The leaf is a double-sided page, and its two sides tell very different stories. One side carries a prayer text laid over geometric diagrams and a section of Archimedes' On the Sphere and the Cylinder , Book I, Propositions 39 to 41. According to the researchers, much of this underlying text is already legible under conventional examination meaning some of the recovered Archimedes content can be read right now.

The other side is more complicated. At some point in the 20th century, someone added an illumination of the Prophet Daniel surrounded by two lions directly onto the parchment. That painting now sits on top of whatever ancient writing lies beneath it, making the text completely inaccessible through standard visual inspection. It is not clear when the illumination was added or by whom, but its presence means a portion of this leaf's content is effectively sealed for now.

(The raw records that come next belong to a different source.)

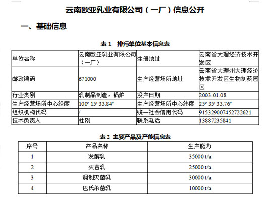 云南歐亞乳業(yè)有限公司(二廠)信息公開
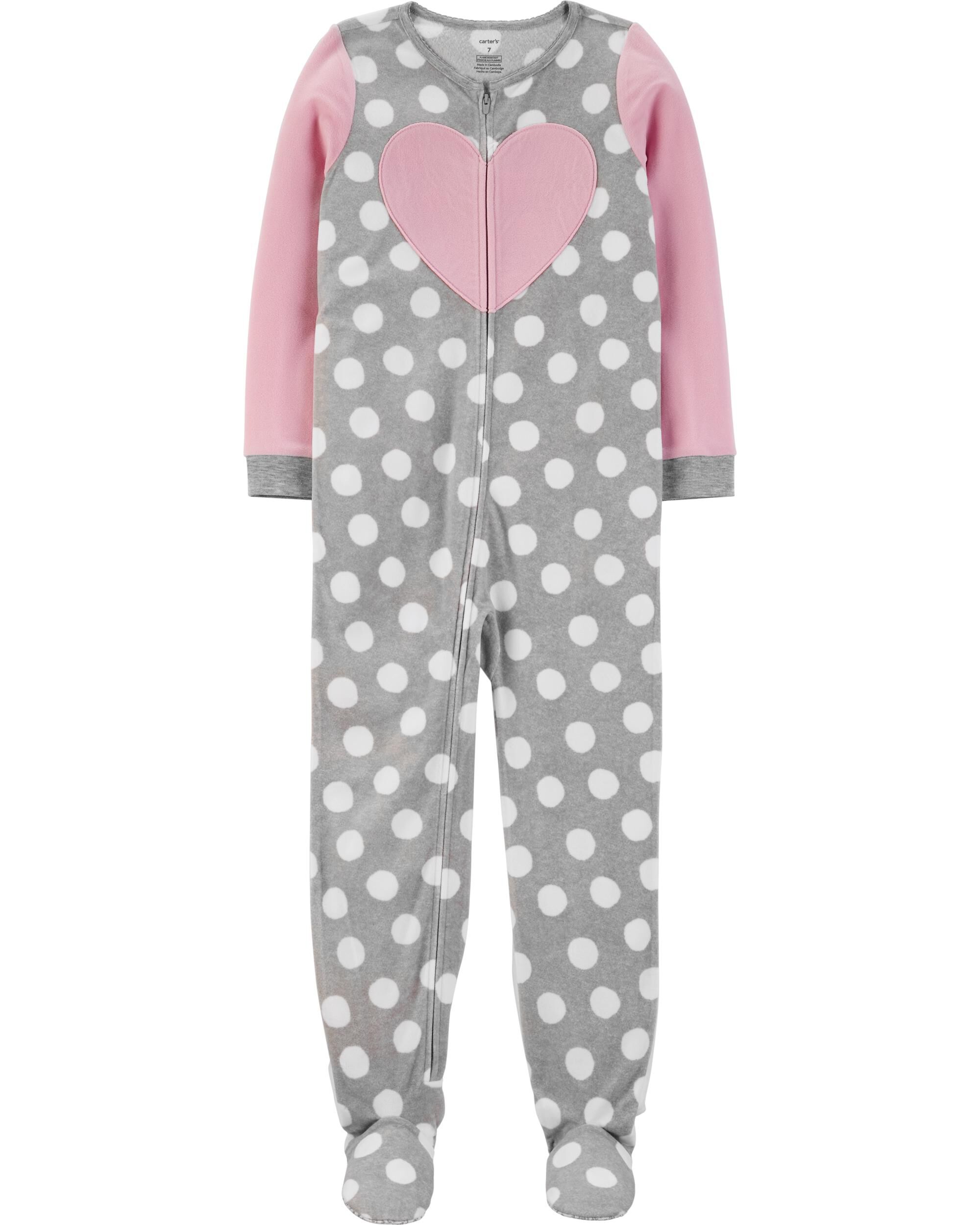 1-Piece Heart Fleece Footie PJs carters one piece fleece pajamas
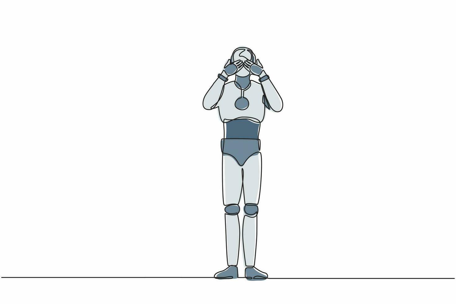 Single continuous line drawing robot closes his eyes with hands because of disgust and reluctance to see something. Robotic artificial intelligence. One line draw graphic design vector illustration Pro Vector
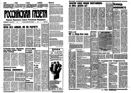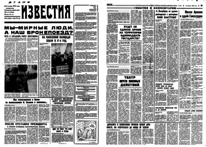 Учредитель: журналистский коллектив «Известий». – 1992. – 13 января, понедельник. – № 10 (23584). – 8 полос.
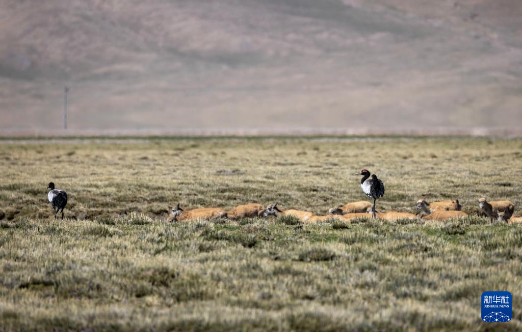 黑頸鶴在濕地和藏羚羊一起覓食(6月8日攝)。新華社記者 晉美多吉 攝
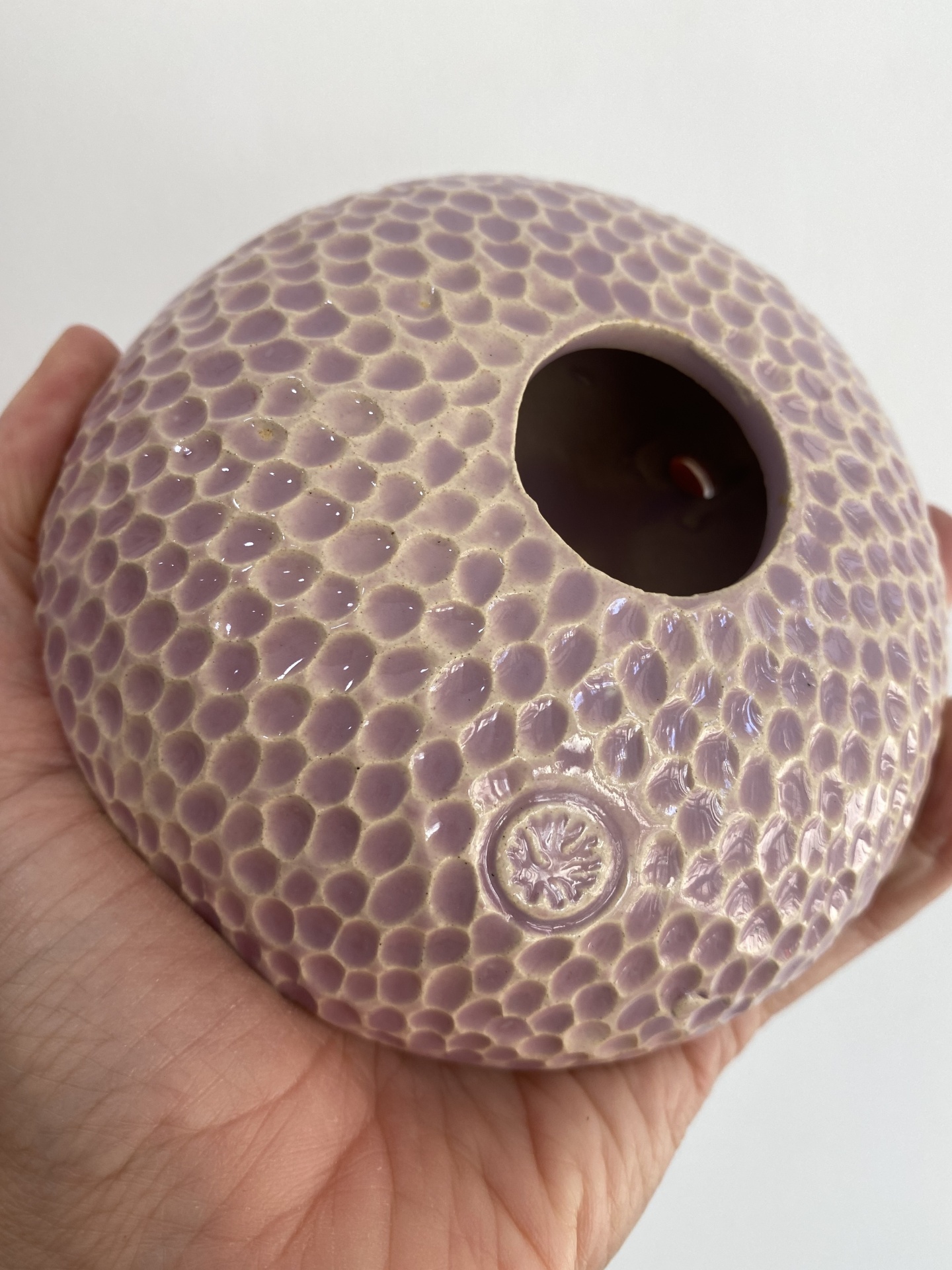 • Vela aromática em base cerâmica lilás texturizada à mão
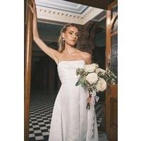 Elegant bandeau neckline with structured corset bodice for a flattering silhouette Luxurious satin fabric with a subtle sheen that catches the light beautifully Classic A-line shape with dramatic flowing skirt for timeless bridal elegance Clean, minimalist design perfect for showcasing statement jewellery and accessories Structured back with refined tailoring that ensures a perfect fit for your special day Make a striking impression on your wedding day with this sophisticated bandeau...

Multispectral imaging and synchrotron X-ray analysis could unlock the rest

The method that unlocked much of the Archimedes Palimpsest in the early 2000s was multispectral imaging photographing the manuscript under different wavelengths of light to separate layers of ink that the naked eye cannot distinguish. That same approach, combined with newer techniques, is now planned for the Blois leaf.

Gysembergh has indicated that if the necessary authorisations are granted, the first imaging campaigns could begin within a year. The planned approach combines multispectral imaging with fluorescence analyses using synchrotron X-rays a significantly more powerful technique than what was available in the early 2000s specifically targeting the text hidden under the Prophet Daniel illumination. Synchrotron-based X-ray fluorescence has already been used successfully on other palimpsests and ancient documents to detect iron-based inks that have faded below the threshold of optical detection.

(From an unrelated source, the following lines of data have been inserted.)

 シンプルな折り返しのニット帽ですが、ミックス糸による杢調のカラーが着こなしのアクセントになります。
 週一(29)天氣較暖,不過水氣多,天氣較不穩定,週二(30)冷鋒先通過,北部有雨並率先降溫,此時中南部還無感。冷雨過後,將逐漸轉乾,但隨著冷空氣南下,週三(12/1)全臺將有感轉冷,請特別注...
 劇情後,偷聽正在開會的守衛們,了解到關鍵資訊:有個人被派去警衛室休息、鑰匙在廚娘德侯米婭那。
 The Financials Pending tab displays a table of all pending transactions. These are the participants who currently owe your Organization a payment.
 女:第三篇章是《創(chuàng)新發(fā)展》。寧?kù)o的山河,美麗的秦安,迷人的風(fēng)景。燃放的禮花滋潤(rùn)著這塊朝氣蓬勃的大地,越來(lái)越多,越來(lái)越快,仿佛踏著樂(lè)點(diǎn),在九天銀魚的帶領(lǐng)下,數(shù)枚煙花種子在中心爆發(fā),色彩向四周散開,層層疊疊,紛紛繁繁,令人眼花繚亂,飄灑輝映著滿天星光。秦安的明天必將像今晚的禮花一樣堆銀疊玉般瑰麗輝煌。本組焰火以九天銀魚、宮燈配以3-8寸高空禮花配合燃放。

Why this discovery reopens the entire Palimpsest for new study

The identification of this leaf does more than recover a single page. It has renewed interest in applying current imaging technology to the complete Archimedes Palimpsest not just the Blois leaf. The early 2000s imaging project was groundbreaking for its time, but the technology has advanced considerably since then. Pages that remained partially illegible during the first campaign could potentially yield more under a new examination using today's tools.

Archimedes' surviving works are few enough that every recoverable fragment carries real weight. On the Sphere and the Cylinder is one of his most important mathematical texts the work in which he determined the relationship between the surface area and volume of a sphere and its circumscribed cylinder. Propositions 39 to 41 of Book I deal with the geometry of spherical segments, and any text recovered here adds to a body of knowledge that shaped the entire history of mathematics. A page that spent decades in a French museum, painted over and overlooked, may yet have something to say.